Further speed-up with continual learning
Perpetual Learning, a novel approach from our company, offers a significant leap forward in machine learning efficiency. It achieves 100x faster initial training compared to traditional methods and enables continual learning with remarkable speed improvements. This blog post dives into the mechanics of Perpetual Learning, demonstrating how it empowers continuous learning while upholding exceptional accuracy.
Employing the California Housing dataset, we illustrate the potential of continual learning. The dataset is segmented into 24 batches. The initial training utilizes the first 12 batches, followed by incremental learning on the subsequent 11 batches. After each incremental step, the model's performance is evaluated on the next batch. To benchmark the efficacy of continual learning, we also train separate models from scratch at each step.
Batch # | Batch Size | Cumulative Data Size | Continual CPU Time | Retraining CPU Time | Continual Cumulative CPU Time | Retraining Cumulative CPU Time | Speed-up |
---|---|---|---|---|---|---|---|
0 | 10320 | 10320 | 28.6 | 30.2 | 28.6 | 30.2 | 1.0x |
1 | 860 | 11180 | 22.3 | 31.3 | 50.9 | 61.5 | 1.2x |
2 | 860 | 12040 | 17.6 | 37.2 | 68.5 | 98.7 | 1.4x |
3 | 860 | 12900 | 11.5 | 33.9 | 80.0 | 132.6 | 1.7x |
4 | 860 | 13760 | 10.4 | 36.6 | 90.4 | 169.2 | 1.9x |
5 | 860 | 14620 | 11.1 | 41.2 | 101.5 | 210.4 | 2.1x |
6 | 860 | 15480 | 12.5 | 40.6 | 114.0 | 251.0 | 2.2x |
7 | 860 | 16340 | 14.2 | 46.9 | 128.2 | 297.9 | 2.3x |
8 | 860 | 17200 | 19.6 | 49.1 | 147.8 | 347.0 | 2.3x |
9 | 860 | 18060 | 13.3 | 57.0 | 161.1 | 404.0 | 2.5x |
10 | 860 | 18920 | 17.4 | 49.4 | 178.5 | 453.4 | 2.5x |
11 | 860 | 19780 | 19.6 | 60.0 | 198.1 | 513.4 | 2.6x |
The findings reveal that continual learning progressively accelerates learning with each incremental step, maintaining a consistent average test mean squared error (MSE) of 0.197. This translates to a theoretical speed-up that approaches infinity as the number of incremental steps increases, as visualized in the accompanying charts.

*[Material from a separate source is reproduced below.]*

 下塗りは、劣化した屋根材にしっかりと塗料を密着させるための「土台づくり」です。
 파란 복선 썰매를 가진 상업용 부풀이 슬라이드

The following chart demonstrates the CPU time required at each step. Perpetual Learning exhibits near-constant CPU time due with the constant batch size. Conversely, retraining incurs a linear increase in CPU time as the data size grows proportionally.

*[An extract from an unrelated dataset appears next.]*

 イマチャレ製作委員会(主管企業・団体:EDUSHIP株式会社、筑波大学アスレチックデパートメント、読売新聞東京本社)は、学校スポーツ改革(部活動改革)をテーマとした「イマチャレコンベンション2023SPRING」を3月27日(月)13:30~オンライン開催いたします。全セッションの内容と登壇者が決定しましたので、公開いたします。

The following chart showcases the cumulative CPU time across all steps. Perpetual Learning exhibits a linear growth in cumulative CPU time, while retraining incurs a quadratic increase. This highlights the theoretical infinite speed-up achieved by Perpetual Learning as the number of batches approaches infinity.
These compelling results establish Perpetual Learning's ability to not only deliver 100x faster initial training but also to facilitate learning from data in linear time, irrespective of data size and scale.